Intracranial vascular anomalies involving the MCA are relatively rare. There are two known types of double-M1 segments of the MCA, including a duplicated middle cerebral artery (DMCA) and an AMCA. Teal et al.[ 15 ] classified the DMCA and AMCA according to the point of origin: a DMCA arises from the ICA at the proximal point of bifurcation, whereas an AMCA arises from the proximal portion of the ACA or the distal portion of the A1 segment of the ACA near the ACoA. Gibo et al.[ 4 ] and Komiyama et al.[ 8 ] analysed the cortical territories of the DMCAs and AMCAs. A DMCA feeds the temporopolar territory and the anterior and middle temporal areas, while an AMCA feeds the orbitofrontal and prefrontal areas. However, the AMCA described in this case perfused a broader area, including the orbitofrontal, prefrontal, and precentral areas. In some cases, it is difficult to distinguish a DMCA from an AMCA, and it is important to clarify the relationship between A1 of the ACA and the abnormal MCA. However, in this case, A1 of the ACA was occluded, making it difficult to clarify whether this anomaly represented an AMCA or A1 of the ACA. Because the occluded artery had a similar appearance to A1 of the ACA and because the anomalous artery supplied CBF only to the frontal area, it was considered to be an AMCA.
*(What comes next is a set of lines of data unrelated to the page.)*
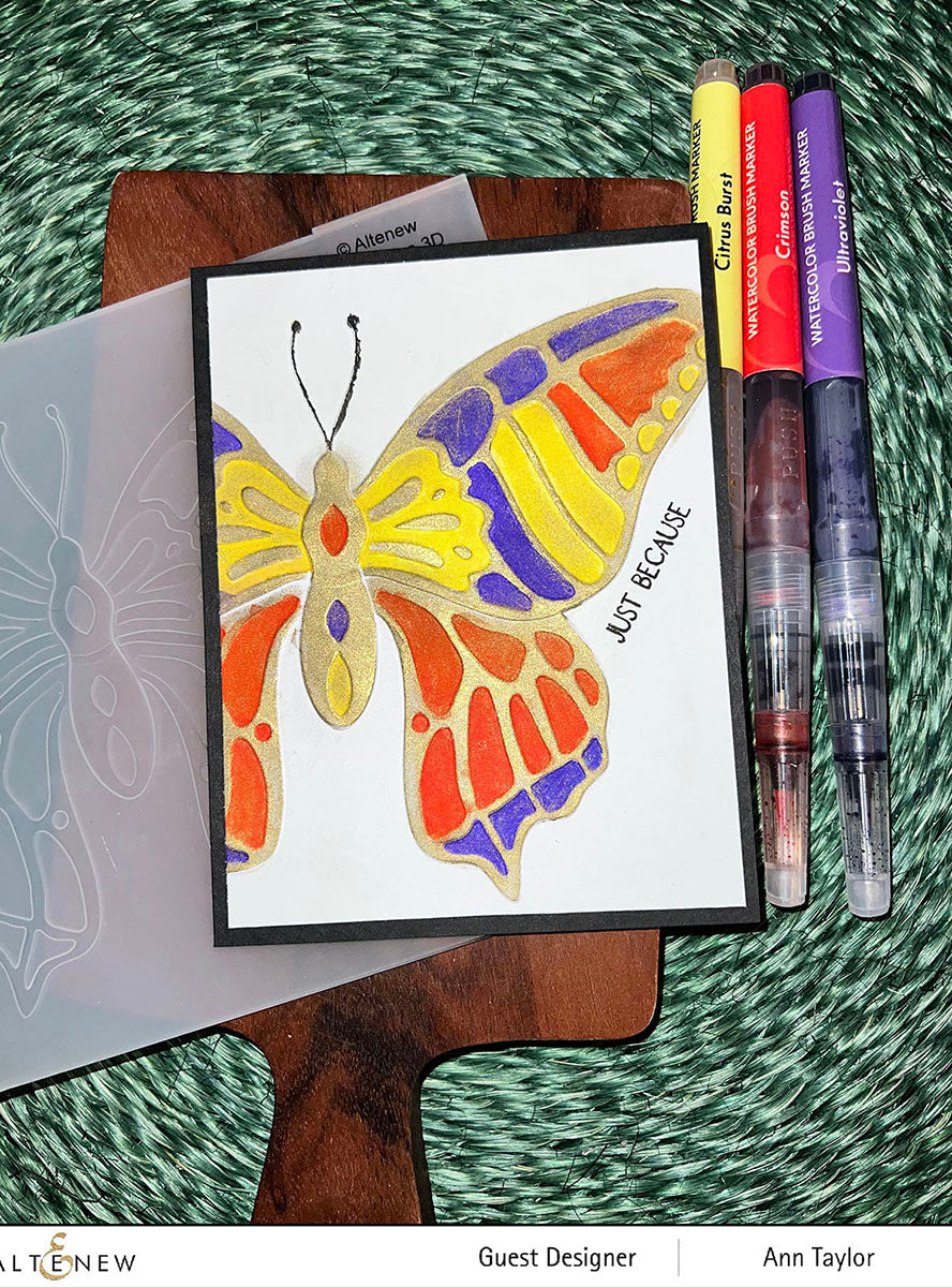 I love this butterfly. So many color options and the stencil makes it easy to color. Cute, fun card!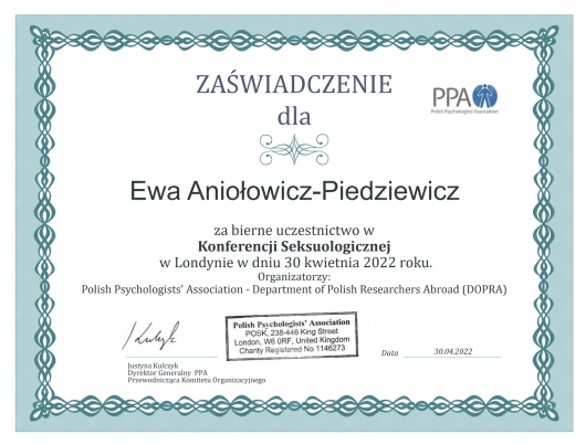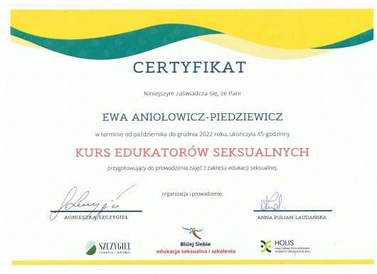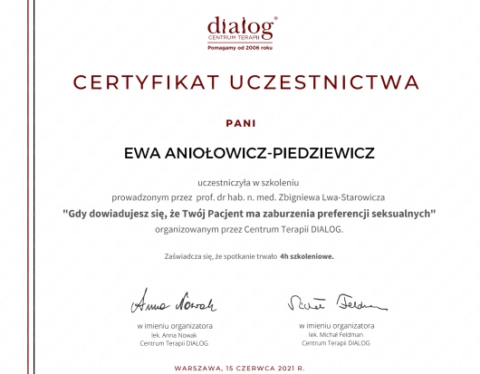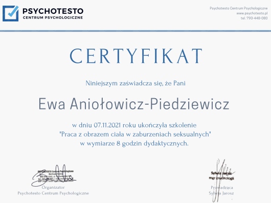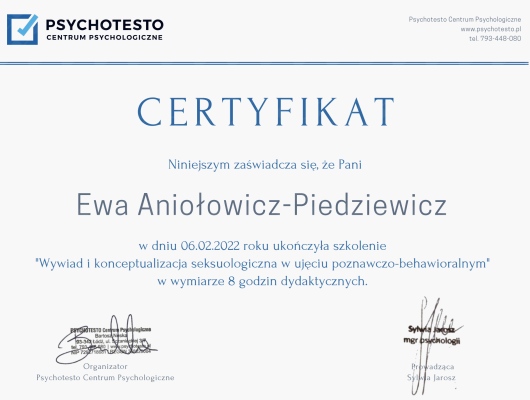 Jaki jest zakres porad oferowanych przez Ewa Aniołowicz-Piedziewicz?Ewa Aniołowicz-Piedziewicz to psycholog, seksuolog. Na podstawie swojego doświadczenia i wykształcenia Ewa Aniołowicz-Piedziewicz oferuje usługi takie jak: konsultacja psychologiczna (kolejna wizyta), konsultacja psychoseksuologa, konsultacja psychologiczna (pierwsza wizyta), Konsultacja telefoniczna - Psycholog kolejna wizyta, Konsultacja telefoniczna - Psycholog pierwszorazowa, Konsultacja Wideo - Psychologa pierwszorazowa, Konsultacja Wideo - Psychologa kolejna wizyta, terapia seksuologiczna dla par, konsultacja psychologiczno-seksuologiczna, Konsultacja Wideo - psycholog-seksuolog pierwszorazowa.
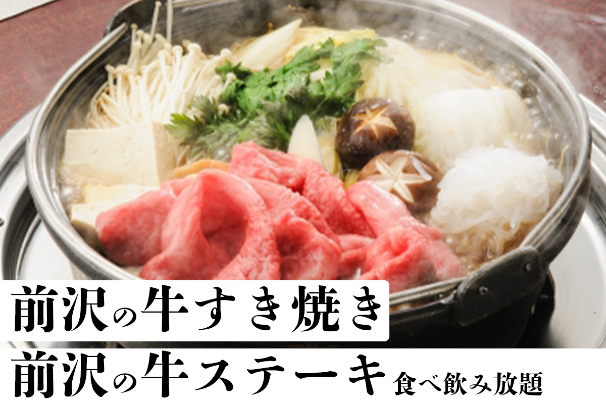すき焼・ステーキ(霜降・赤身)おかわり自由 ソフトドリンク、生ビール飲み放題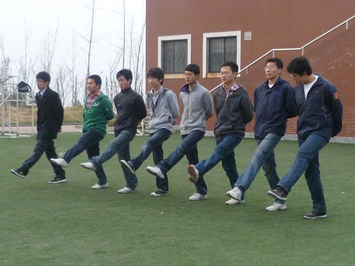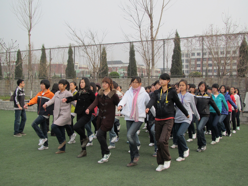 学生会秘书处和基本功部负责的运动会方阵训练在明水校区操场继续进行着。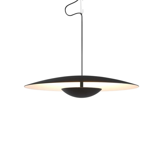Diese Variante der Ginger Pendelleuchte hat einen schwarzen Schirm und eine weiße Innenseite, die in jedem Raum ein angenehmes Licht erzeugt.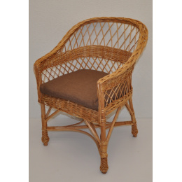 Kreslo San z prírodného vŕbového prútia...... | Konštrukcia kresla San je vyrobená zo silných vŕbových prútov, výplet je z vŕbových prútov. Rozmery stoličky sú 62x63x82 cm. Výška sedadla stoličky je 42 cm. Nosnosť stoličky je 100 kg. Vankúš na stoličku je vyrobený v Českej republike. Vankúš je vyrobený z kvalitnej tkaniny a vyznačuje sa vysokou kvalitou spracovania. Vankúše pre nás vyrába spoločnosť AXIN Cuschions s.r.o., ktorá zamestnáva výlučne miestne vyškolené krajčírky z Českej republiky. Týmto spôsobom sa snažíme podporovať výrobu a zamestnanosť v našej krajine......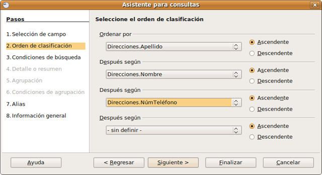 Orden de clasificación. Indicamos aquí el criterio que servirá para la clasificación y el orden en que se mostrarán, ascendente o descendente, los registros consultados.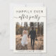Light cream elopement or smaller wedding announcement and reception invitation. The front features your wedding day photo and "Happily Ever After Party" in simple typography and a trendy script with swashes. Add your first names and wedding date. On the reverse side, personalise your wedding announcement and reception invitation in more detail, input your wedding website URL address to create a QR code for guests to scan to see your wedding photos, all the details and to RSVP online, and add your names in a signature-like script.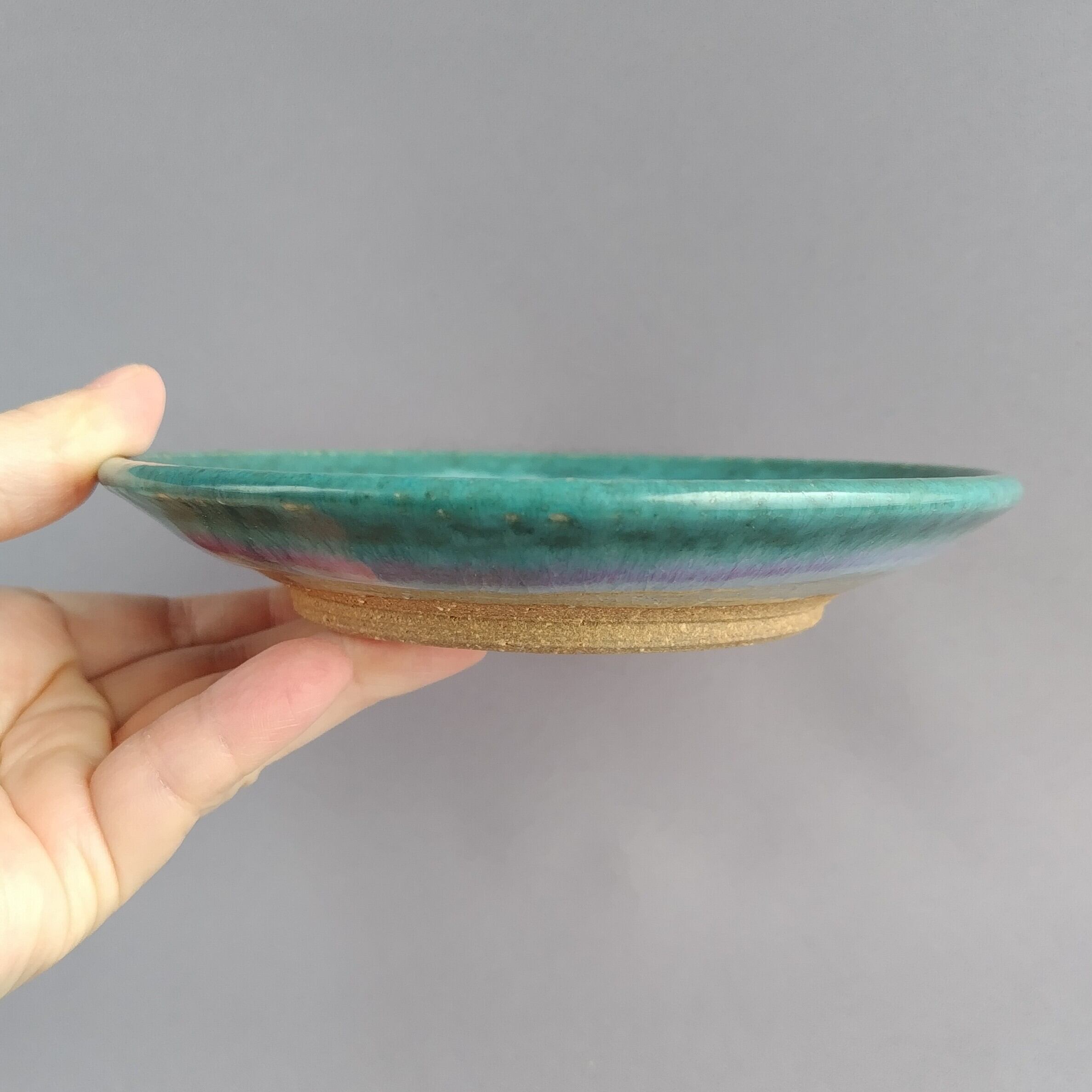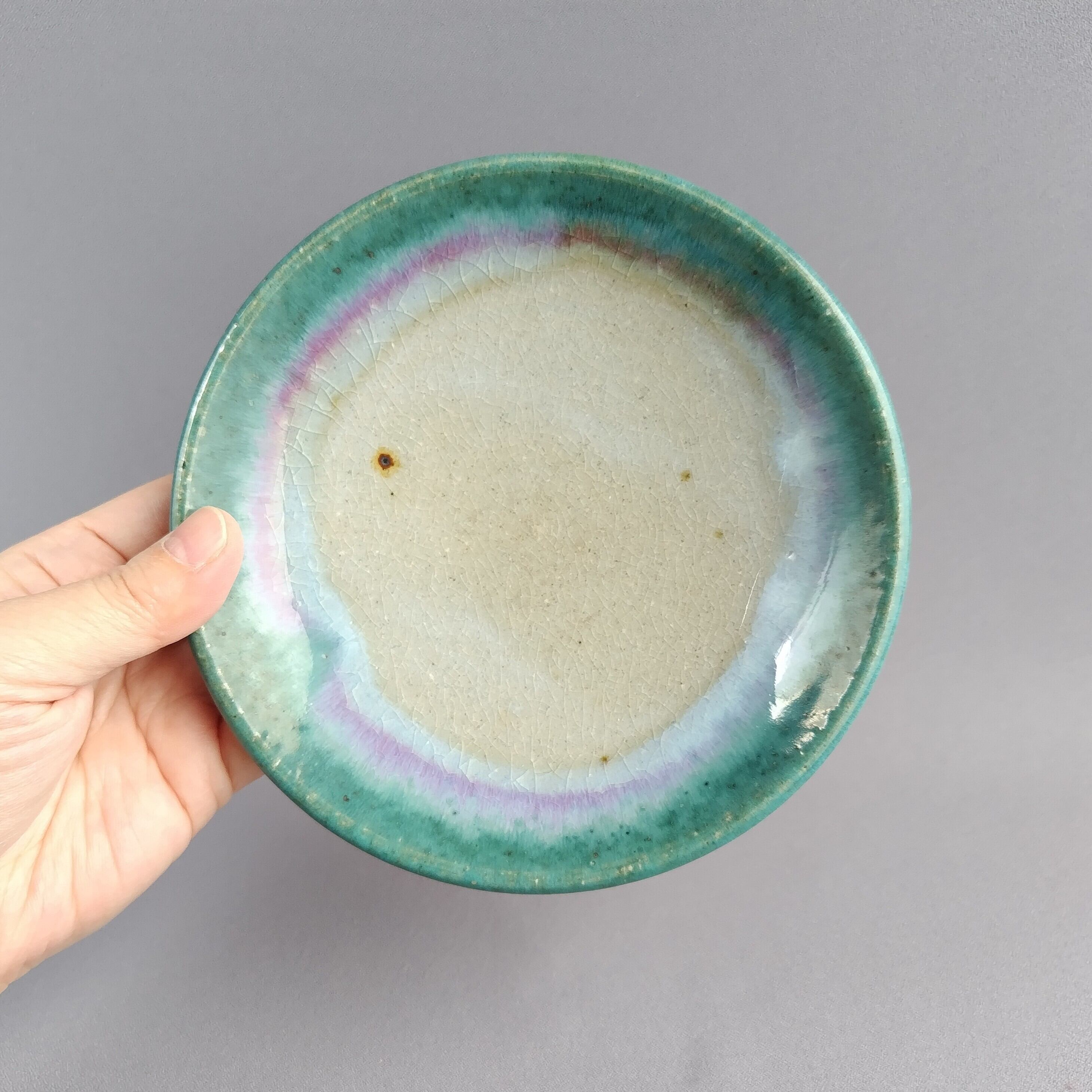 透明釉の縁に緑釉を流したモダンな仕上がりです。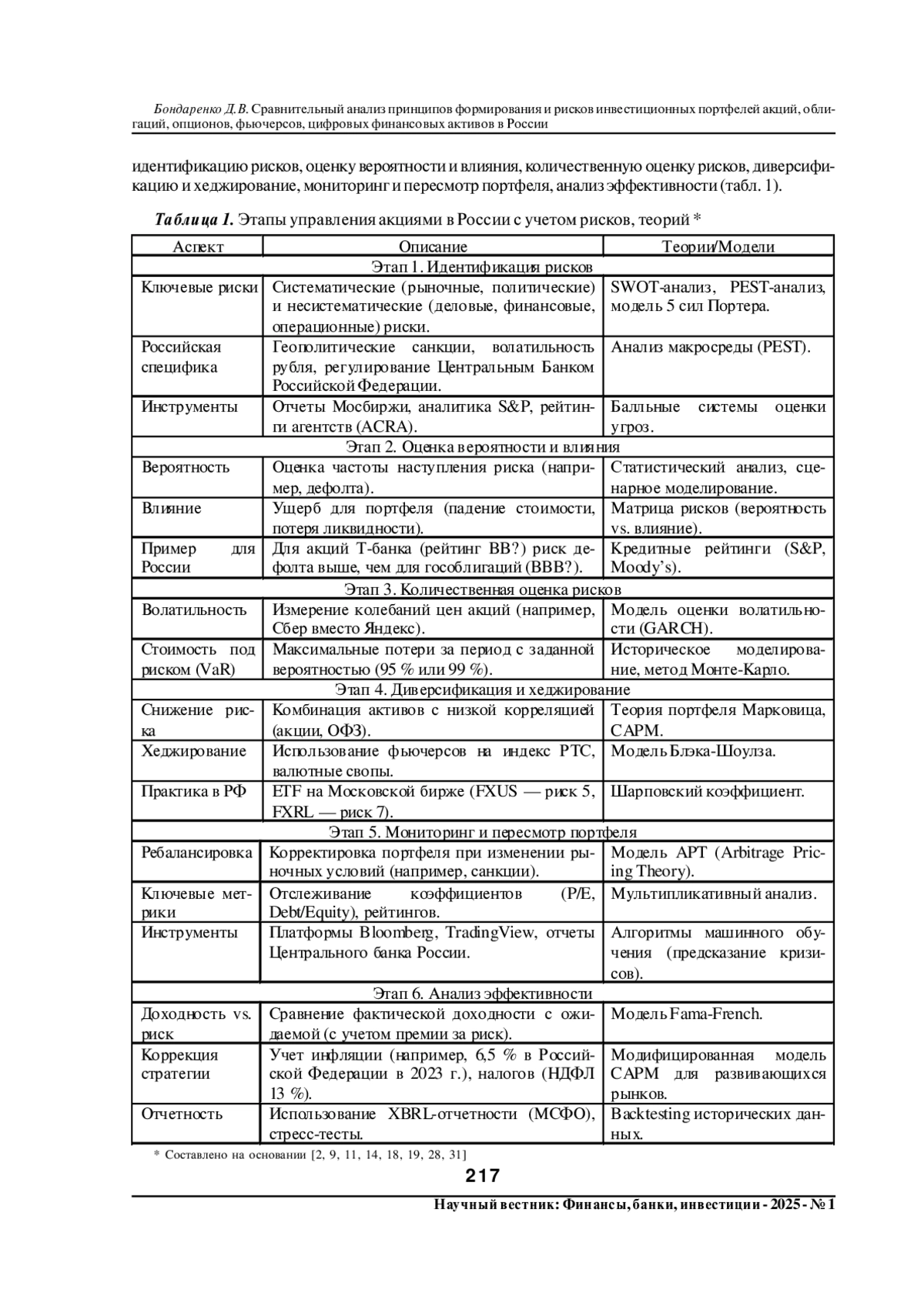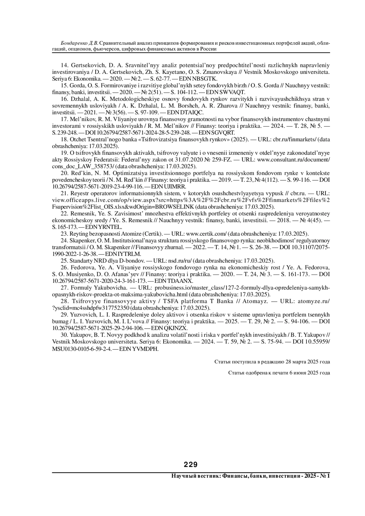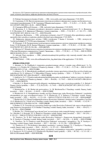 29. Юзвович, Л. И. Распределение долей активов и оценка рисков в системе управления портфелем ценных бумаг / Л. И. Юзвович, М. И. Львова // Финансы: теория и практика. - 2025. - Т. 29, № 2. - С. 94-106. DOI: 10.26794/2587-5671-2025-29-2-94-106 EDN: QKJNZX

The clinical presentation in this case likely represents a TIA due to a hemodynamic mechanism. There were three stenotic lesions contributing to cerebral ischemia: (1) occlusion of the left ICA, (2) occlusion of the ipsilateral A1 of the ACA, and (3) severe stenosis of the ipsilateral MCA. The stenosis in the left MCA caused the decrease in blood flow, while the occlusion of A1 of the ACA reduced the blood flow through the AMCA. Together, these obstructions resulted in a decrease in blood flow through the MCA [ Figure 4 ], which corresponded to the SPECT findings that revealed a marked decline of CBF in the left fronto-temporo-occipital region. Because there was no stenotic lesion at AMCA, which contributed in ischemic attack and the CBF of AMCA territory decreased, we concluded that TIA attack were occurred due to a hemodynamic mechanism.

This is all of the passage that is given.